**Exercise description:**
Extract the opening line of the entries and every line after it, stopping at and including the line that contains "бумажный 21*180 см". Do not include pictures.

**Entries supplied:**
_ _ _ _

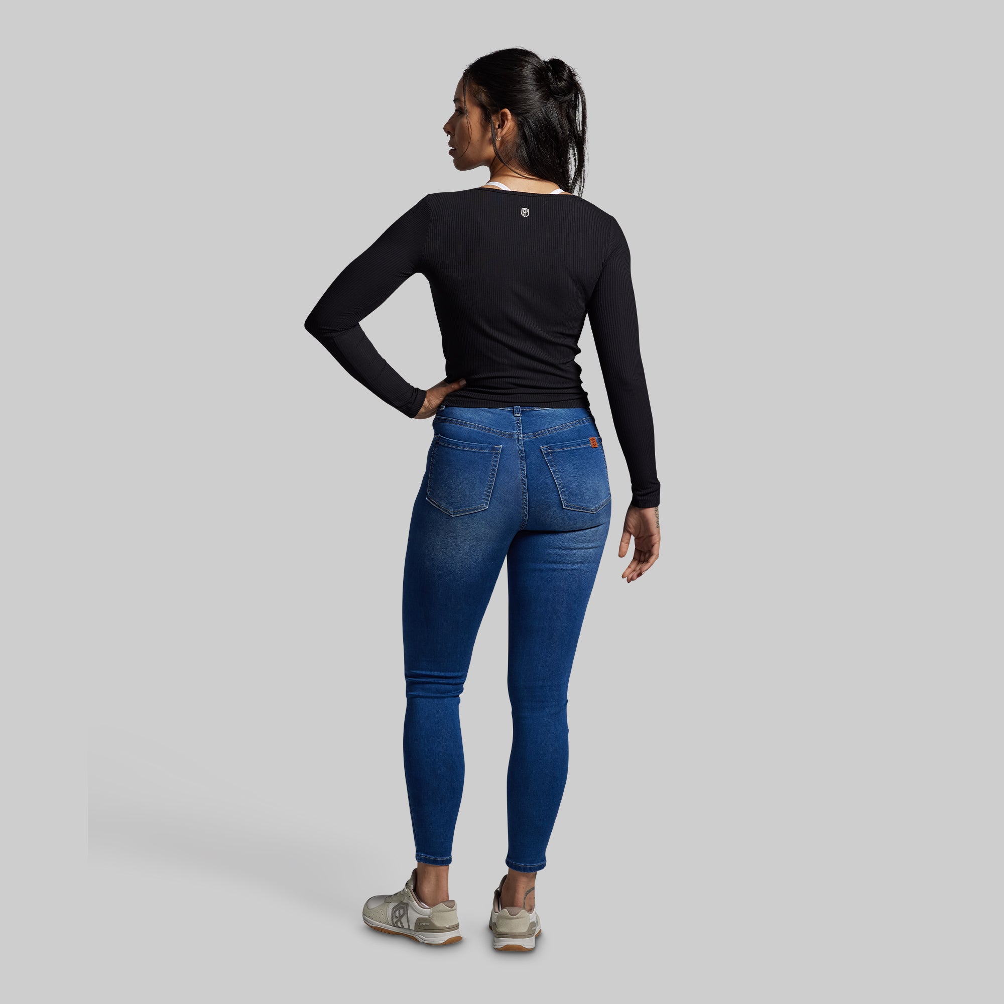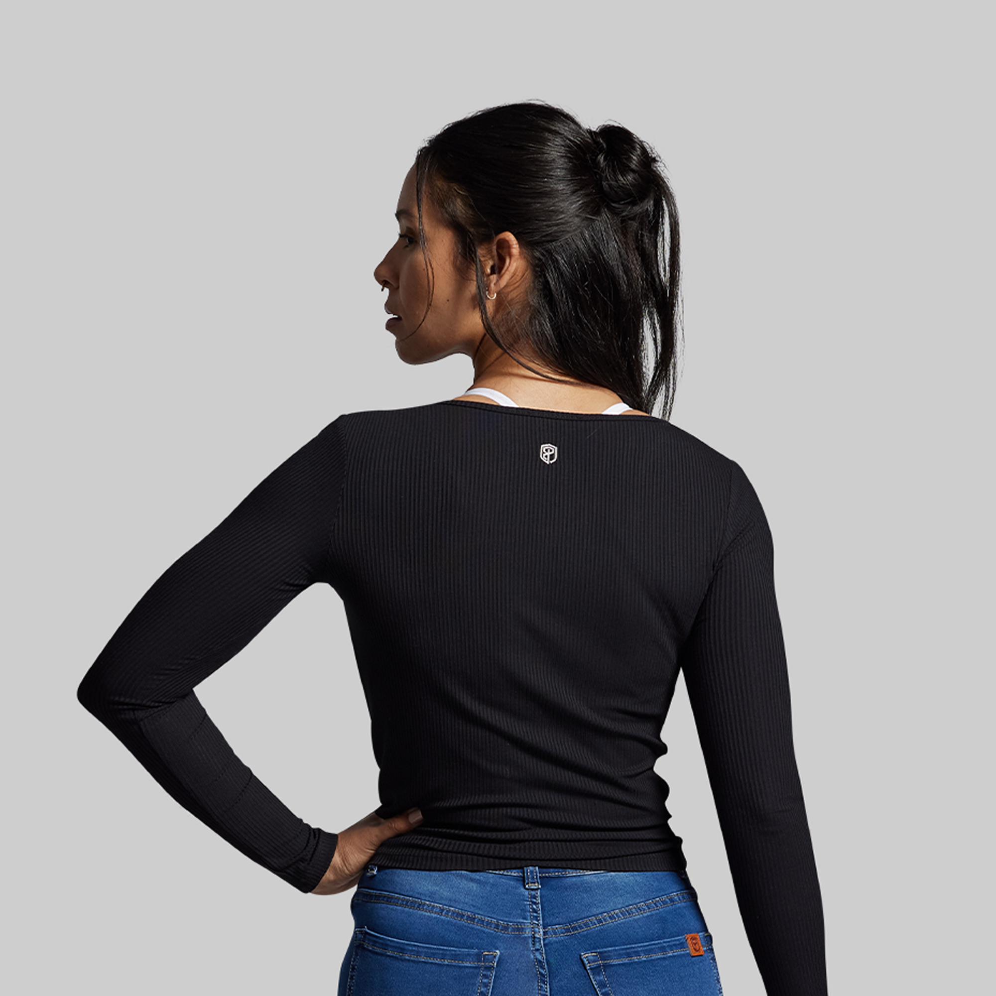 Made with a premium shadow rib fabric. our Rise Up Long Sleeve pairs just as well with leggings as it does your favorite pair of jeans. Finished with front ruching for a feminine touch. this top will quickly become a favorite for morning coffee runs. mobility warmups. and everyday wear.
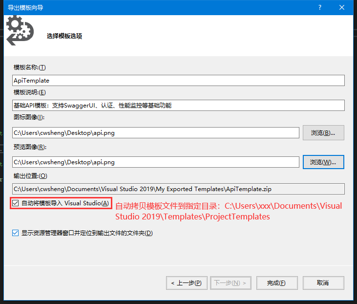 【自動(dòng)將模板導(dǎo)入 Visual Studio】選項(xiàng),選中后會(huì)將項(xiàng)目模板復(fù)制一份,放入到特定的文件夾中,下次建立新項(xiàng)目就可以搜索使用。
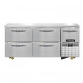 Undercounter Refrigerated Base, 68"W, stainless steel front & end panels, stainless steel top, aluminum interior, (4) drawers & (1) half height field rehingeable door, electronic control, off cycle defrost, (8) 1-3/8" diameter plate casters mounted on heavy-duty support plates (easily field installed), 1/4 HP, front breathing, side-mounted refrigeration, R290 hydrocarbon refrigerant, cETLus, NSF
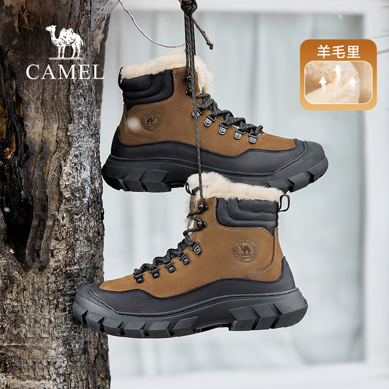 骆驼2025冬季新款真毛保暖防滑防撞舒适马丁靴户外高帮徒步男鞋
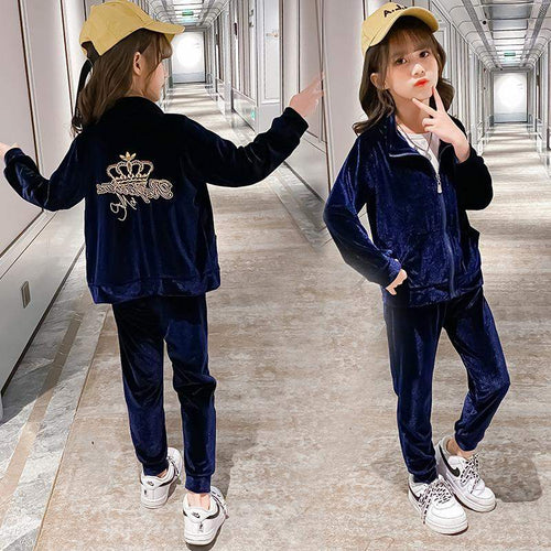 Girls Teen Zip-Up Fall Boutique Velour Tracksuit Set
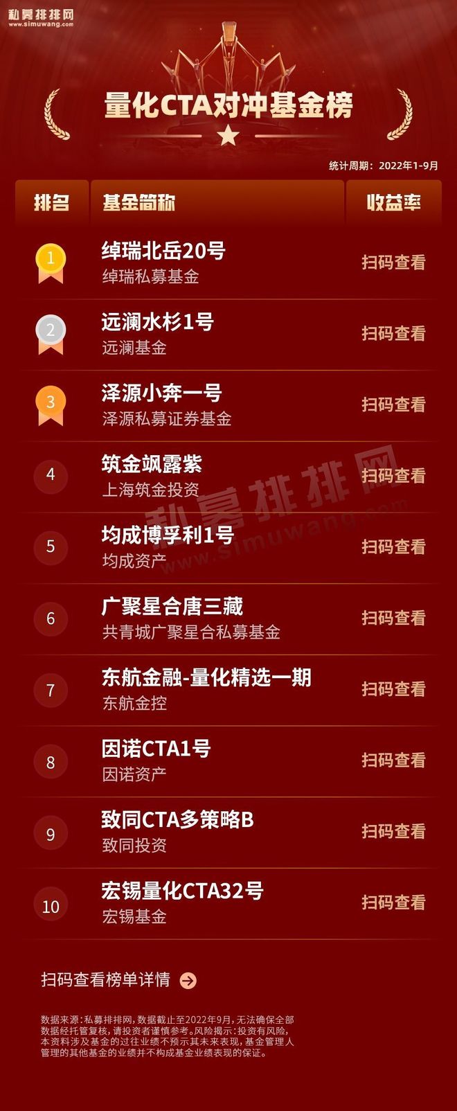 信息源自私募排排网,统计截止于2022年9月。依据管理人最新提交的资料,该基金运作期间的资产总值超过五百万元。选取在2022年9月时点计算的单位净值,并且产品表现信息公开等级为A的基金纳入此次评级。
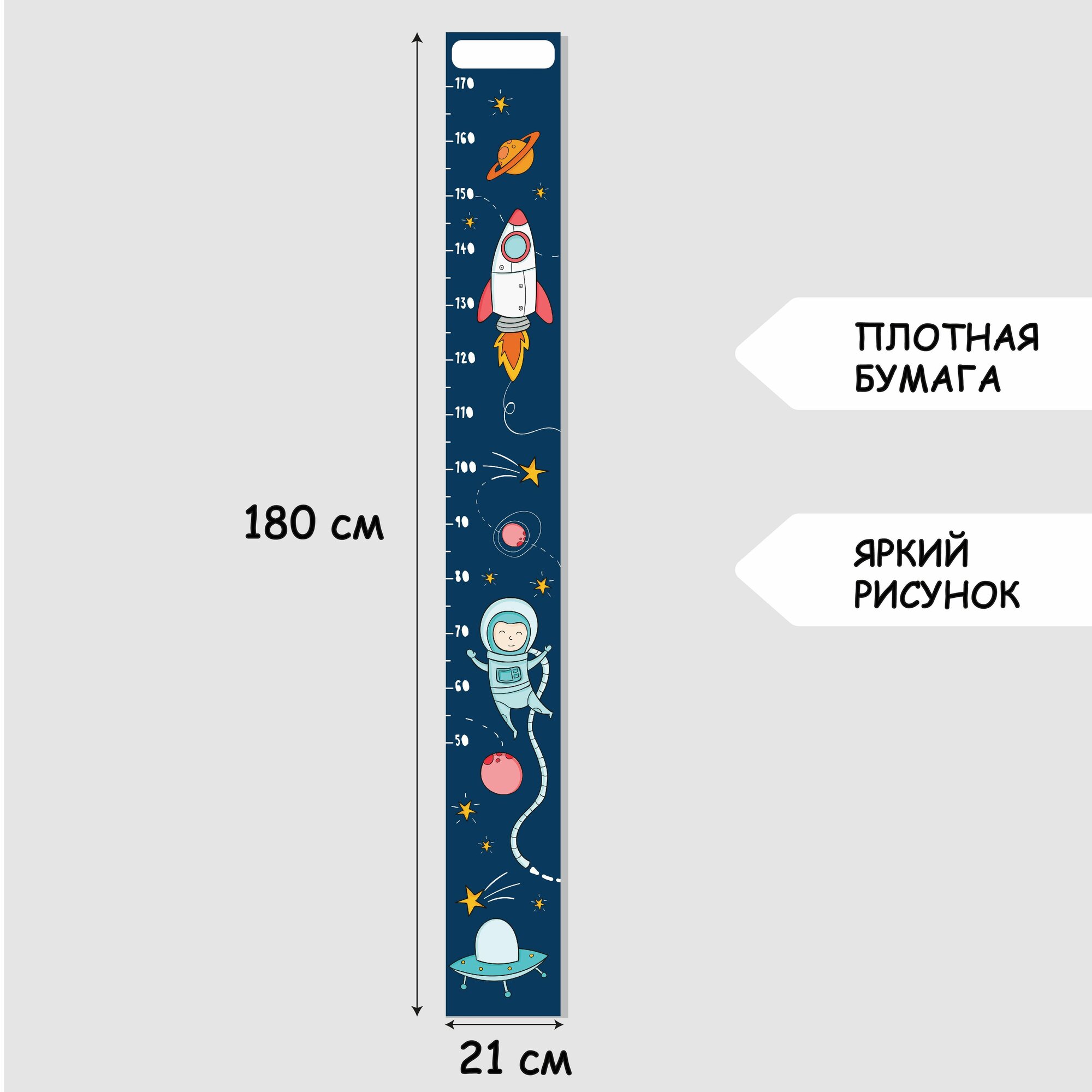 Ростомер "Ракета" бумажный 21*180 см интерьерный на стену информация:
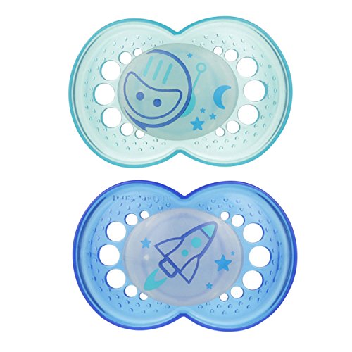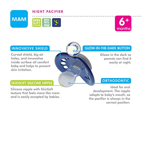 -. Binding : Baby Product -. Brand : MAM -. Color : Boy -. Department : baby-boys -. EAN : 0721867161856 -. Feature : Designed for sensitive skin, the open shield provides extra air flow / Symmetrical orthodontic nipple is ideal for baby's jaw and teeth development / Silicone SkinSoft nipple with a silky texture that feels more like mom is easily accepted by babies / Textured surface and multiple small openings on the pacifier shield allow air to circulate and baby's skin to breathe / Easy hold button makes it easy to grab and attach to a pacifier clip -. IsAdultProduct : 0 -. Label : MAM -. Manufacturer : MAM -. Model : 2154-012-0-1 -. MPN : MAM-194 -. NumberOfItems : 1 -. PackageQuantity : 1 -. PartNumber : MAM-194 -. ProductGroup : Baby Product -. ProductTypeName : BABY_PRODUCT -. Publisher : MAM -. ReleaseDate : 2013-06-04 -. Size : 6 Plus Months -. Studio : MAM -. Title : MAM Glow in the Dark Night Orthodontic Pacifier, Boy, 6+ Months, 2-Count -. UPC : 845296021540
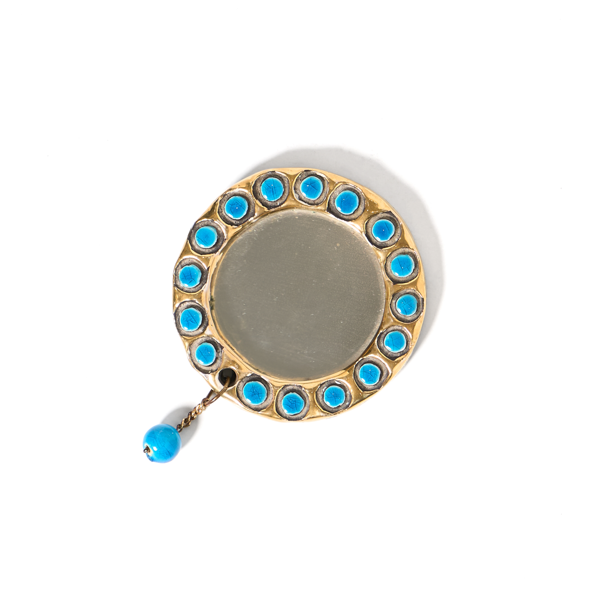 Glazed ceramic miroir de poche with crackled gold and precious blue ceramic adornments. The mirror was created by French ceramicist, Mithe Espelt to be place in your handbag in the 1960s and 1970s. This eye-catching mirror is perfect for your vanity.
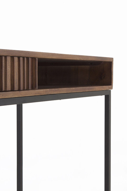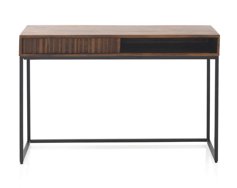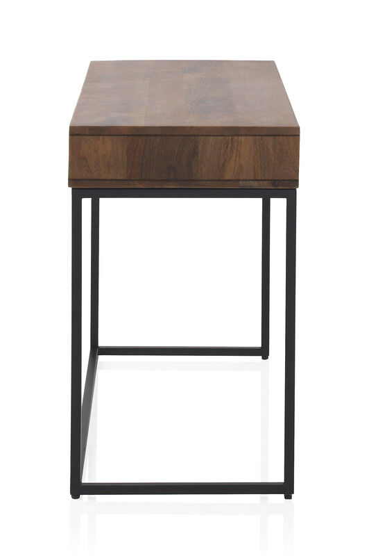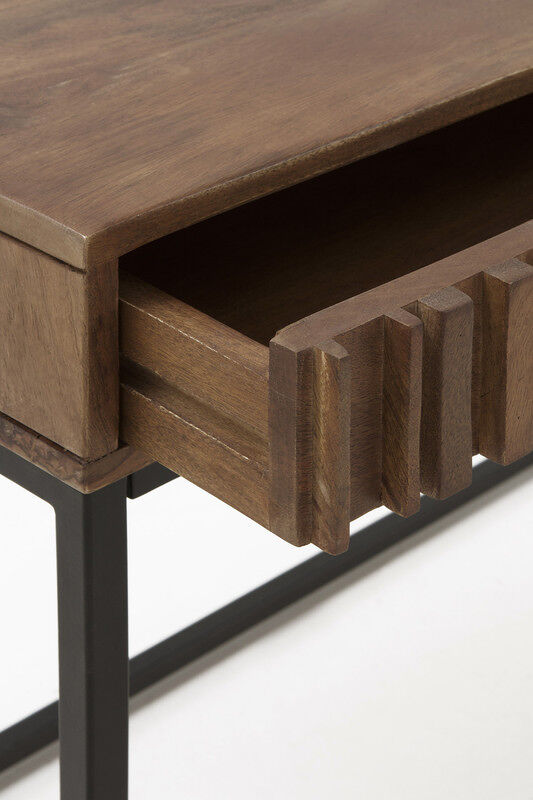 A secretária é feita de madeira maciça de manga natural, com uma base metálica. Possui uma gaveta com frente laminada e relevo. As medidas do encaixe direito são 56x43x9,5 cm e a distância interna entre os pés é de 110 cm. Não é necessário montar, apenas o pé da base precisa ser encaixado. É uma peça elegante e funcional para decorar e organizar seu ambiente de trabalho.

_ _ _ _

**The answer:**
 Made with a premium shadow rib fabric. our Rise Up Long Sleeve pairs just as well with leggings as it does your favorite pair of jeans. Finished with front ruching for a feminine touch. this top will quickly become a favorite for morning coffee runs. mobility warmups. and everyday wear.
 【自動(dòng)將模板導(dǎo)入 Visual Studio】選項(xiàng),選中后會(huì)將項(xiàng)目模板復(fù)制一份,放入到特定的文件夾中,下次建立新項(xiàng)目就可以搜索使用。
 Undercounter Refrigerated Base, 68"W, stainless steel front & end panels, stainless steel top, aluminum interior, (4) drawers & (1) half height field rehingeable door, electronic control, off cycle defrost, (8) 1-3/8" diameter plate casters mounted on heavy-duty support plates (easily field installed), 1/4 HP, front breathing, side-mounted refrigeration, R290 hydrocarbon refrigerant, cETLus, NSF
 骆驼2025冬季新款真毛保暖防滑防撞舒适马丁靴户外高帮徒步男鞋
 Girls Teen Zip-Up Fall Boutique Velour Tracksuit Set
 信息源自私募排排网,统计截止于2022年9月。依据管理人最新提交的资料,该基金运作期间的资产总值超过五百万元。选取在2022年9月时点计算的单位净值,并且产品表现信息公开等级为A的基金纳入此次评级。
 Ростомер "Ракета" бумажный 21*180 см интерьерный на стену информация:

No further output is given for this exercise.